Breakthrough in Indoor Disease Tracking: Concordia Researchers Unveil Rapid Method
2025-08-26
Author: Liam
In a groundbreaking development, researchers from Concordia University have introduced a revolutionary method for tracking how infectious diseases spread indoors. This innovative tool has the potential to effectively contain future outbreaks of illnesses, such as COVID-19.
Featured in the journal *Building and Environment*, this cutting-edge approach utilizes real-time camera and sensor technology to monitor infected individuals. Coupled with sophisticated algorithms that model air and pathogen dispersion, the system can accurately assess risk levels of infection. Remarkably, it can even alert ventilation systems to optimize airflow, significantly lowering the chance of spreading infections.
A Game-Changer in Disease Tracking
Lead author Zeinab Deldoost, a PhD candidate, emphasizes the efficiency of their method, stating, “Our novel approach drastically cuts down simulation time compared to existing studies. It provides a clearer picture of whether an exposed location continues to harbor infection risk.” Unlike traditional models that only analyze short bursts of airborne transmission, this new technique can simulate pathogen spread over extended periods.
Co-author Fariborz Haghighat, a professor in Concordia's Department of Building, Civil and Environmental Engineering, adds further insight: “Recognizing a person's illness allows our system to track their movements and determine how far pathogens disperse around them.
Revolutionary Airflow Calculations
The true strength of this model lies in its simplified airflow calculations. Rather than focusing on how an individual's movement alters airflow patterns, it models the person as a moving, massless emission source. This innovative strategy provides a reliable measure of airflow and effectively examines pathogen dispersion from this dynamic source.
The team validated their model by demonstrating that a person's presence only minimally disrupts airflow. After an individual exits a space, airflow returns to its normal state within about 40 seconds, with pathogen movement largely contained to just a meter surrounding their path.
This advanced system can simulate one second of pathogen dispersion in merely 3.8 seconds on a standard laptop, making it incredibly efficient.

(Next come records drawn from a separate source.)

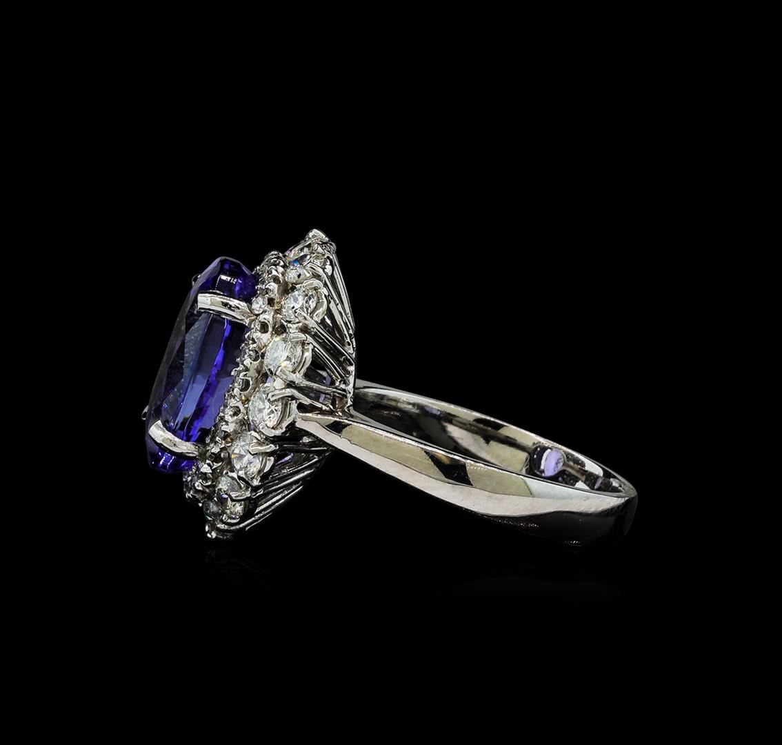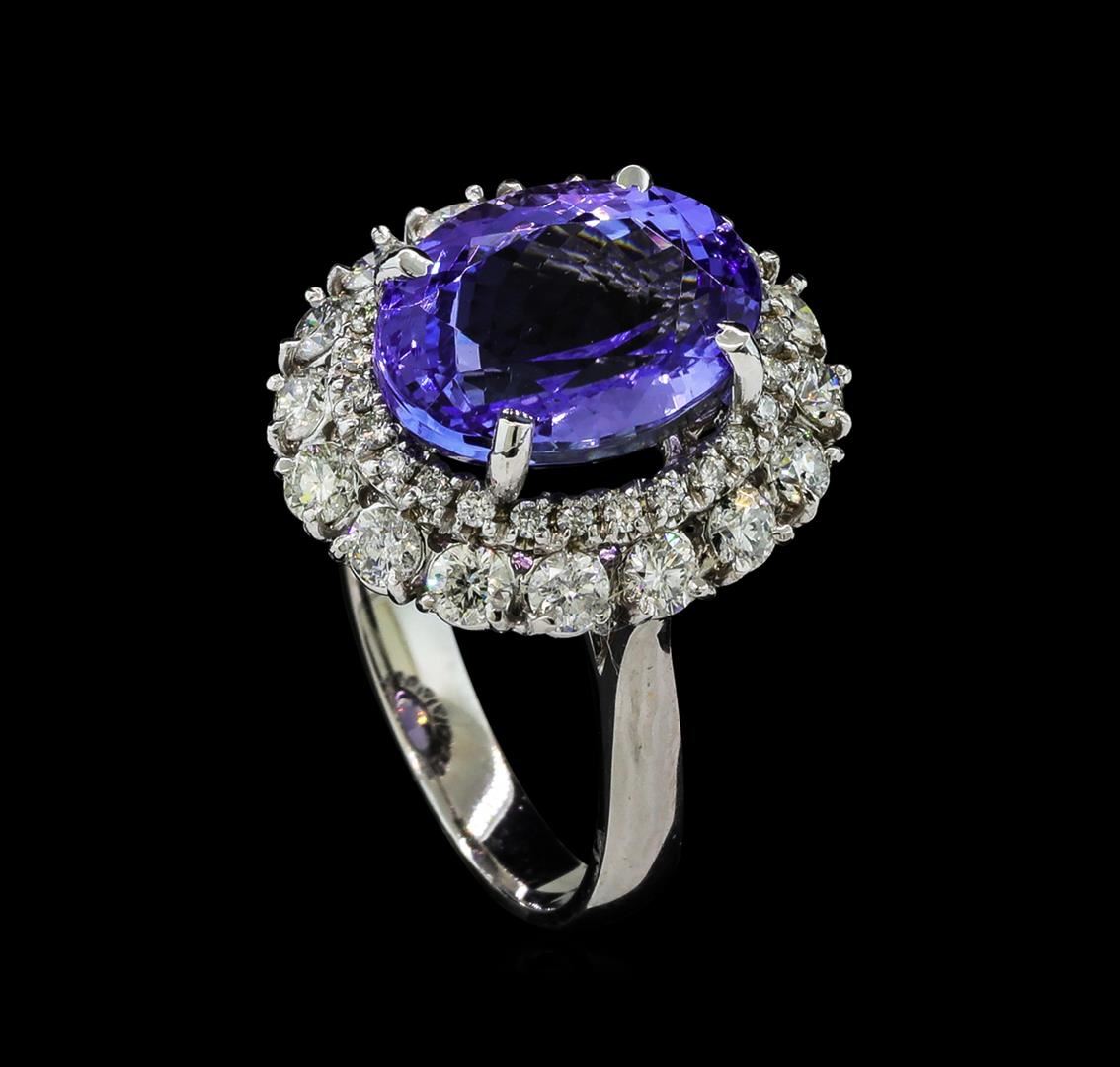 One electronically tested 14KT white gold lady's cast fashion ring with a tapered shank double basket halo with a bright polish finish. The featured lady's ring has a shank measuring 3.15 millimeters wide. Identified with markings of 'K14'. Condition is new, good workmanship. Containing: One prong set oval modified brilliant cut natural tanzanite, measuring 13.00 x 9.88 x 6.64mm, (depth est.) 13%. bulge factor, approximate weight of 6.82ct., clarity is eye clean, medium light, very slightly grayish, violetish blue color, (GIA vB 4/3), cut is very good. Transmitting light with no distortion, transparent. Colored gemstones are presumed to have been subjected to commonly used enhancement processes. Graded in the setting. Sixteen prong set round brilliant cut diamonds, measuring 2.60 - 2.55 x 1.60mm (depth est.) approximate total weight of 16 Stones = 1.05ct. Graded in the setting. Clarity SI-1 to I-1. Color: H - I Cut Good Twenty-Six prong set round brilliant cut diamonds, measuring 1.30 - 1.20 x 0.78mm (depth est.) approximate total weight of 26 Stones = 0.20ct. Graded in the setting. Clarity SI-1 to I-1. Color: H - I Cut Good. Total Weight of Colored Stones 6.82ct.. Total Weight of Diamonds 1.25ct.. Total Weight of Ring 6.80gm GAS Appraised at $11,605.00.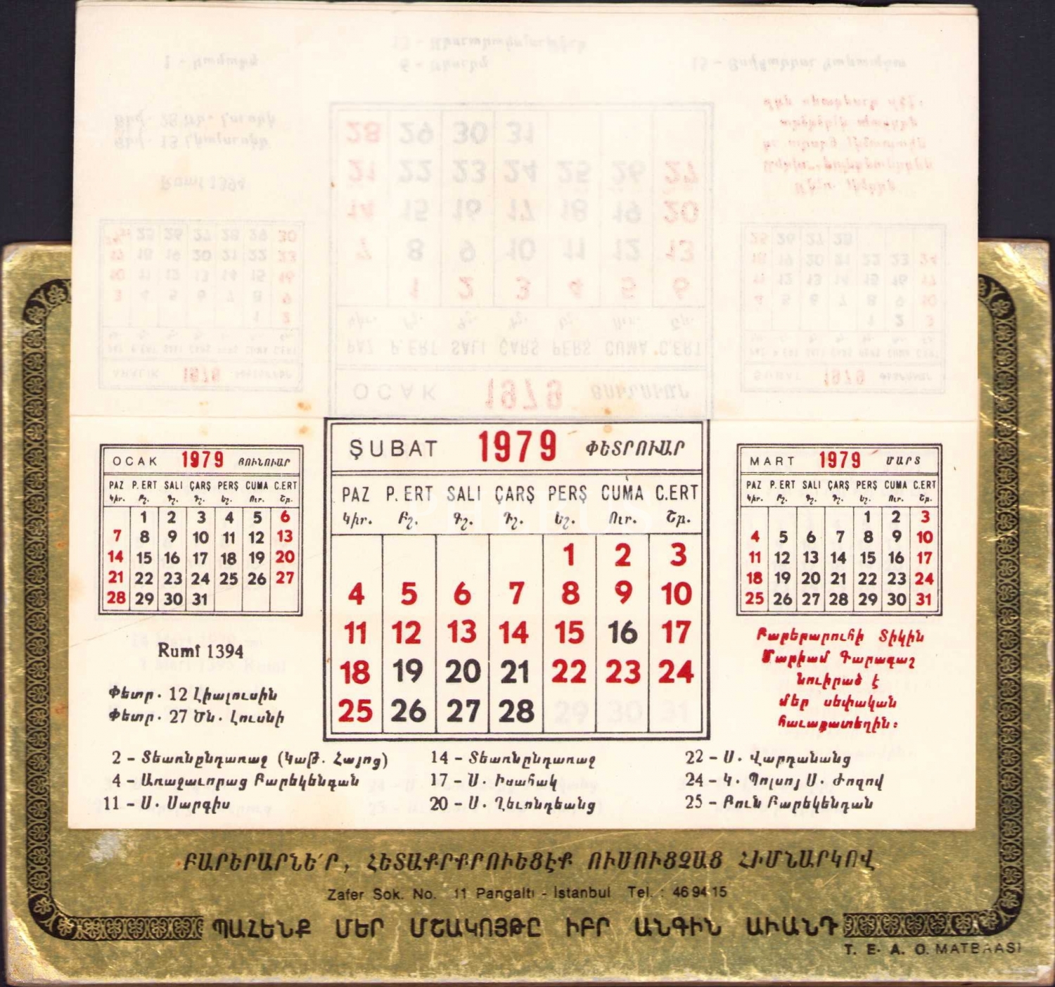 T.E.A.O Öğretmenleri Yardımlaşma Vakfı tarafından çıkarılan Türkçe - Ermenice 1979 takvimi, 16x11 cm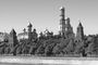 Вид части ансамбля с Москвы-реки. Справа налево — 1-я Безымянная башня (15—17 вв.), колокольня «Иван Великий» (1505—08, архитектор Бон Фрязин, надстроена в 1600), Архангельский собор (1505—08, архитектор Алевиз Фрязин Новый), 2-я Безымянная башня (15—17 вв.).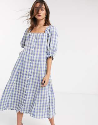Capulet Haddie Neptune Vestito Midi A Quadretti Con Scollo Quadrato Wamsi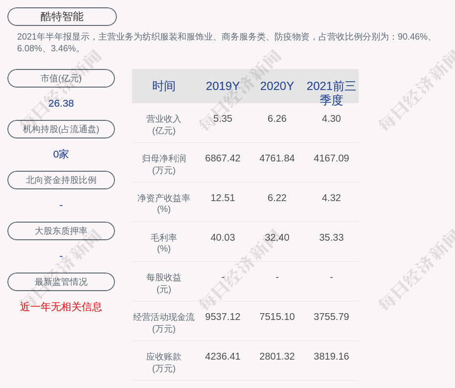 2021年半年报显示,酷特智能的主营业务为纺织服装和服饰业、商务服务类、防疫物资,占营收比例分别为:90.46%、6.08%、3.46%。
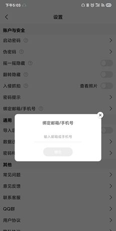1、我们打开暗盒app,然后点击右上角的齿轮状按键,然后就能够来到软件的功能设置界面,在这里我们下拉,就可以看到一个绑定手机号码/邮箱的功能,点击。
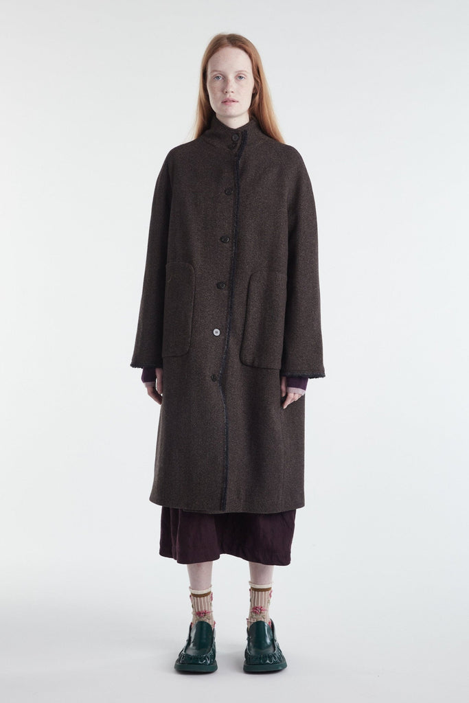 CAPPOTTO TOSCA in panno lana spigata jap / testa di moro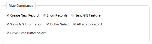 The Map Commands section allows the administrator to enable or disable map commands for the user group. The available map commands and the default configuration for each map command vary depending on the agency’s Civic Platform configuration.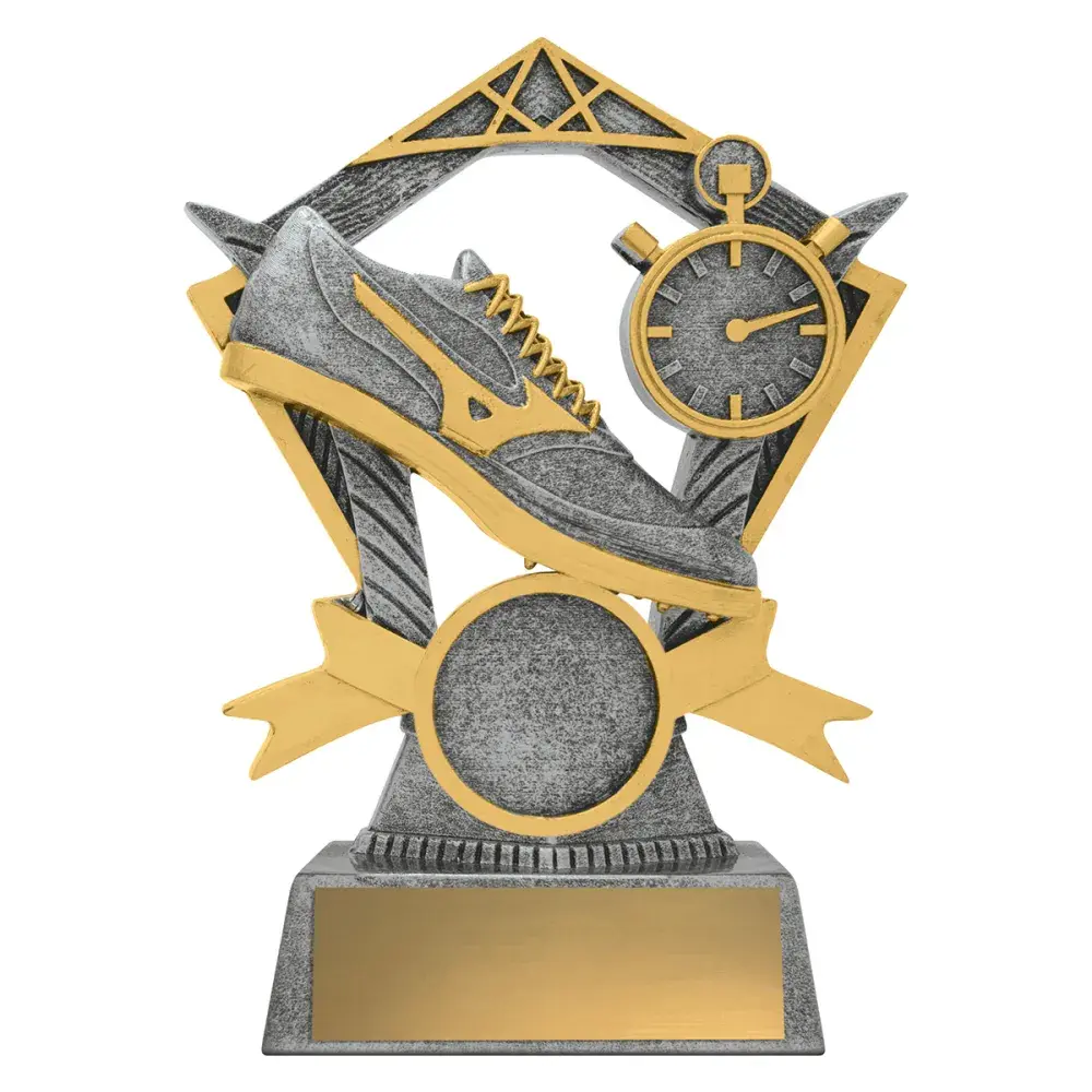 The Valour series of trophies presents a strong design of trophy highlighting the main elements for your sport. Finished in antique silver and gold with space for your custom logo.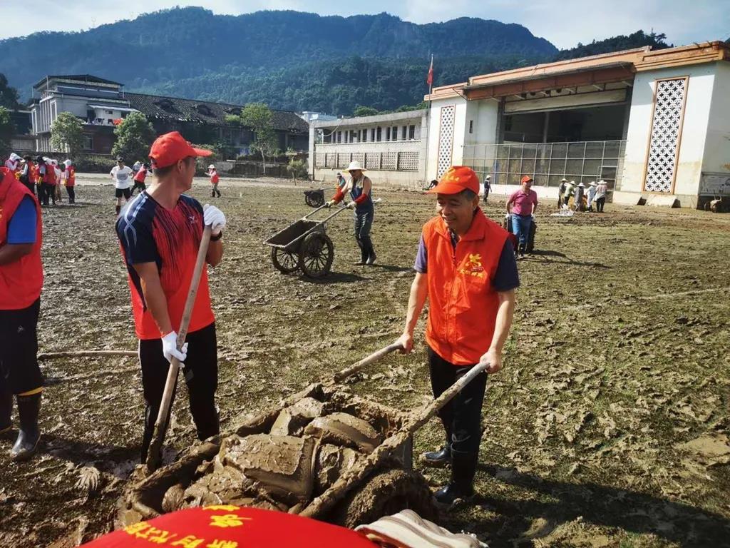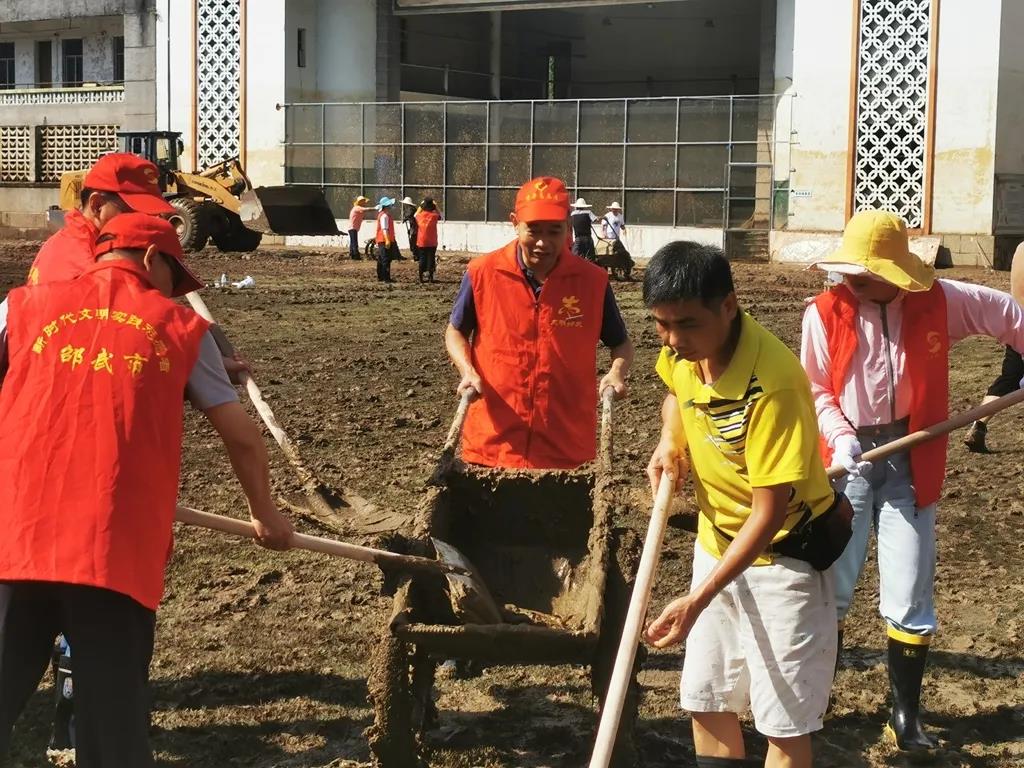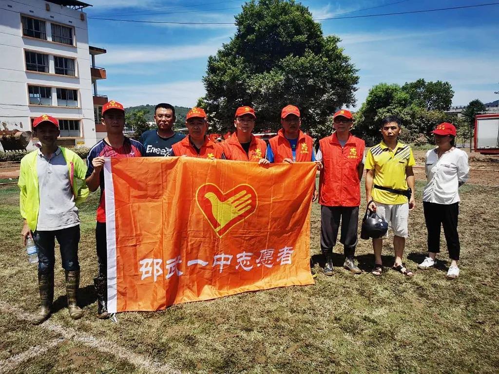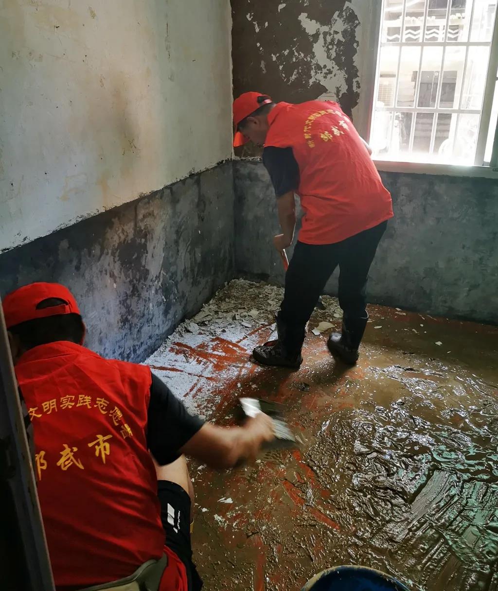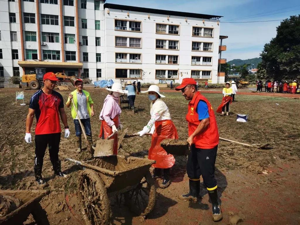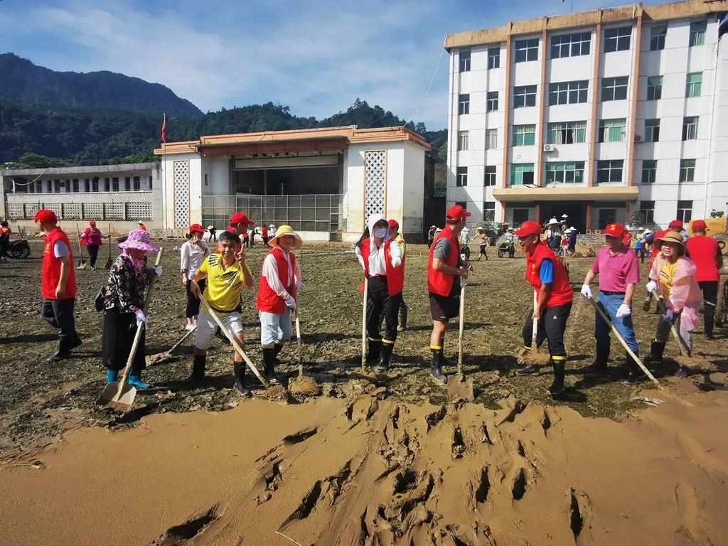 7月9日的严重内涝导致邵武市晒口善德中小学校园内部淤泥满地,为支援晒口灾后清淤工作,邵武一中吴萌校长携吴昊副校长及一中部分教师共21人,于12日上午来到善德中小学校园内,帮助清理被淤泥覆盖的操场、教室、办公室等。

Implications for Dynamic Environments
The researchers believe their method is particularly suited for complex environments like hospitals, where occupancy can change rapidly. This capability empowers decision-makers to make informed, near-real-time decisions to mitigate risks.
Fuzhan Nasiri, another co-author and professor, envisions future applications of this technology: “By implementing our simulation over various scenarios, we could amass enough data to identify distinct movement and dispersion patterns. This dataset could eventually train AI systems, alleviating the need for comprehensive simulations to reach the same conclusions.”
Support for this pioneering research was bolstered by a grant from the Natural Sciences and Engineering Research Council of Canada, highlighting the project's significance in the ongoing fight against infectious diseases.